Na plenária da Câmara dos Deputados, a Comissão de Constituição, Cidadania e Justiça (CCJ) aprovou, por 42 votos a favor e 17 contra, a Proposta de Emenda à Constituição (PEC) 171/93 que prevê a redução da maioridade penal de 18 para 16 anos de idade.
Foi um duro golpe. De um lado, parlamentares conservadores e familiares de vítimas de violência defendiam ferrenhamente a aprovação da Emenda. De outro, uma minoria de deputados tentava adiar a votação, fortalecida pelo coro de estudantes e ativistas da educação.
“Trata-se de um retrocesso. É uma medida enganosa, que só vai gerar mais crimes e violência”, afirma o advogado Ariel de Castro Alves, especialista em Políticas de Segurança Pública e ex-integrante do Conselho Nacional dos Direitos da Criança e do Adolescente (Conanda). “Reduzir a maioridade penal é uma ilusão.
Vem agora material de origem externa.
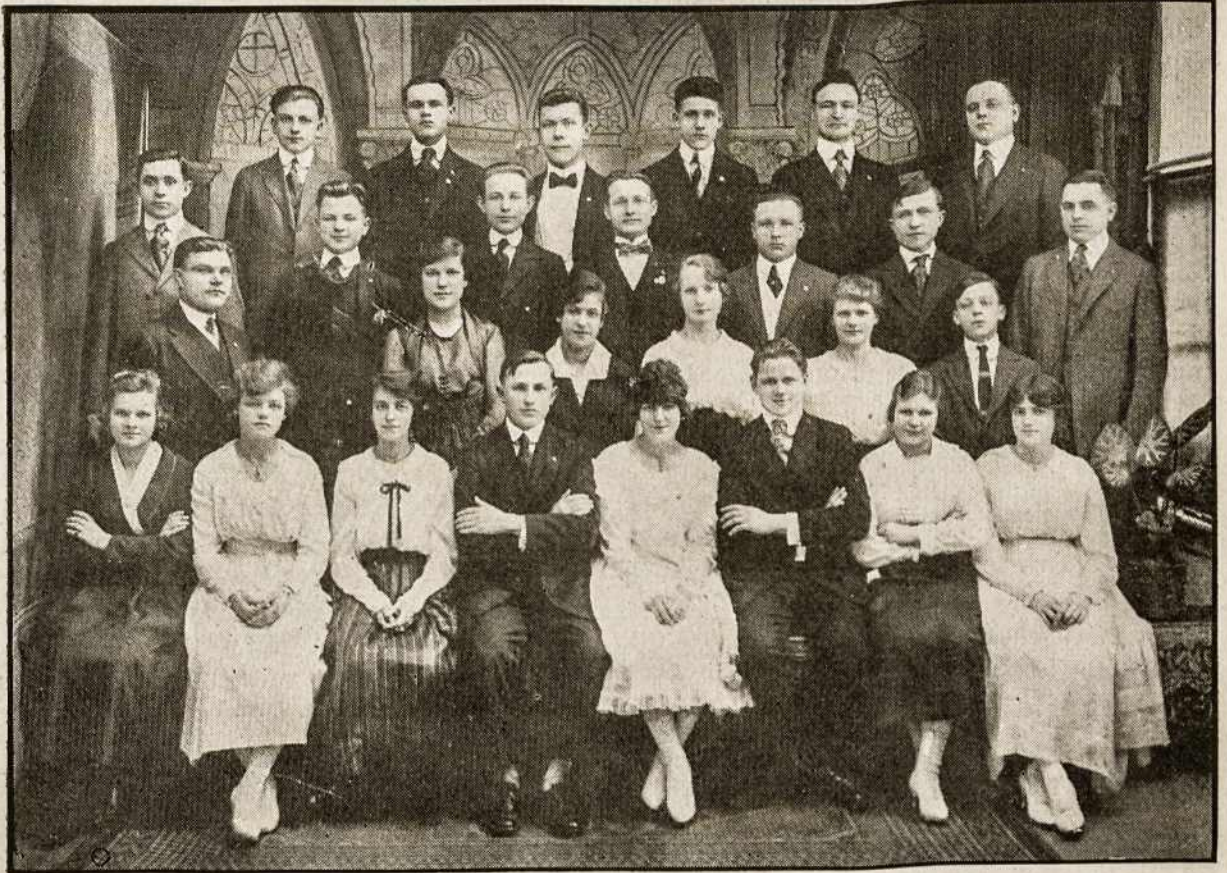
LIETUVOS VYČIŲ 49-ta KUOPA C. BROOKLYN, N. Y.

Seria como se o Estado reconhecesse que não tem competência para educar seus adolescentes e resolveu encarcerá-los”, enfatiza.
Se a PEC 171 é inconstitucional, por que, mesmo assim, está em discussão?
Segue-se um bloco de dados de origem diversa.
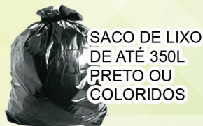
SACO DE LIXO DE ATÉ 350L PRETO OU COLORIDOS
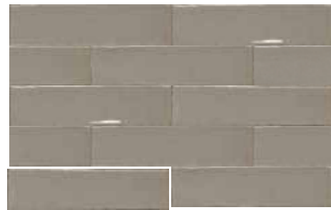
ALTEA TAUPE 7,5X30 / 3"X12" T04/M
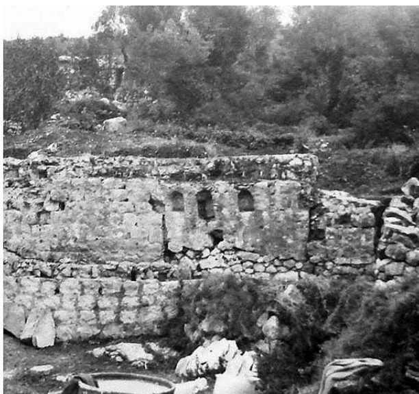
sl. 2. Lokalitet crkve sv. Ilije – južni zid s tri niše i grobnica (Fototeka Konzervatorskog odjela u Dubrovniku, 1978., foto: M. Mojaš).

đeni i ulomci pleterne plastike ranoga srednjeg vijeka, kao i ulomci arhitektonske dekoracije i crkvenog namještaja iz 5. i 6. stoljeća 8 , što upućuje na mogućnost da je i prije izgradnje ranoromaničke crkve sv. Ilije, moguće adaptacijom nekog rimskog, a svakako ranijeg zdanja, na lokalitetu najprije bila uređena ranokršćanska kulturna građevina.
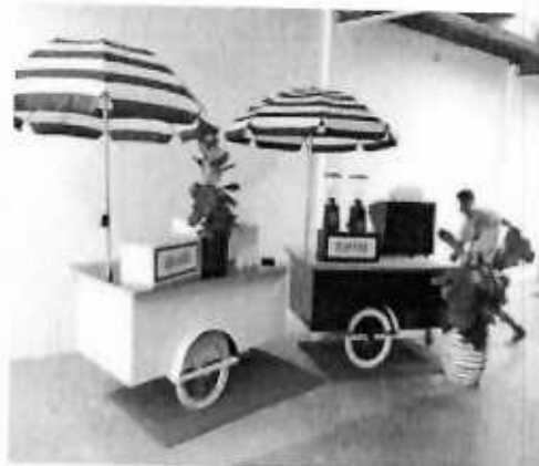
Primjeri prihvatljivih posebnih vozila za pružanje ugostiteljskih usluga u morskome dobru
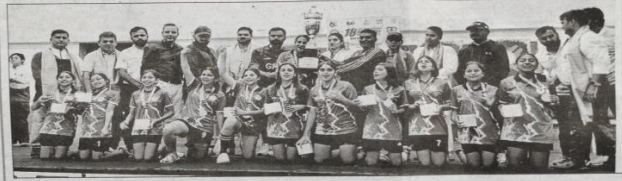
हरियाणा के खिलाड़ियों का फोटो

रोल बॉल फेडरेशन ऑफ इंडिया की तरफ से आयोजित 18वीं सब-जूनियर (अंडर-14) रोल बॉल राष्ट्रीय प्रतियोगिता जो कि 25 अक्टूबर से 28 अक्टूबर तक आगरा के बोस्टन पब्लिक स्कूल आगरा उत्तरप्रदेश में सम्पन्न हुई थी।

“A norma máxima do país é a Constituição Federal”, diz a defensora Mara Ferreira. “Se interpretarmos os dispositivos constitucionais, chegaremos à conclusão de que a Constituinte estabeleceu os 18 anos como idade para a maioridade penal. Isso não pode ser modificado porque é cláusula pétrea.”
Segundo Ariel de Castro Alves, a questão extrapola os limites legislativos. “É preciso entender que o Congresso tem também um julgamento político, ideológico – e não apenas jurídico. Por isso, infelizmente, existe chance de a PEC 171/93 ser sancionada”, lamenta.
Uma comissão especial, composta por 26 titulares e com igual número de suplentes, terá três meses (40 sessões regimentais) para analisar o texto e as 46 emendas propostas nos últimos 22 anos, desde que a PEC foi apresentada pela primeira vez no Plenário. Caso seja aprovada, a proposta passará por votação no Senado – o trâmite deve durar cerca de um ano.
“Enquanto deputados e senadores continuarem se debruçando sobre o Sistema Penal e deixarem a educação de crianças e adolescentes de lado, a criminalidade no Brasil não vai ser reduzida”, ressalta a defensora pública Mara Renata Ferreira, coordenadora do Núcleo Especializado de Infância e Juventude da Defensoria Pública do Estado de São Paulo.
O órgão emitiu nota oficial contra a medida. Não foi o único. Ministério Público, ONU, UNESCO e UNICEF também se manifestaram publicamente – o Conselho Nacional dos Defensores Públicos Gerais e a Associação Nacional dos Defensores Públicos questionaram a constitucionalidade da PEC 171.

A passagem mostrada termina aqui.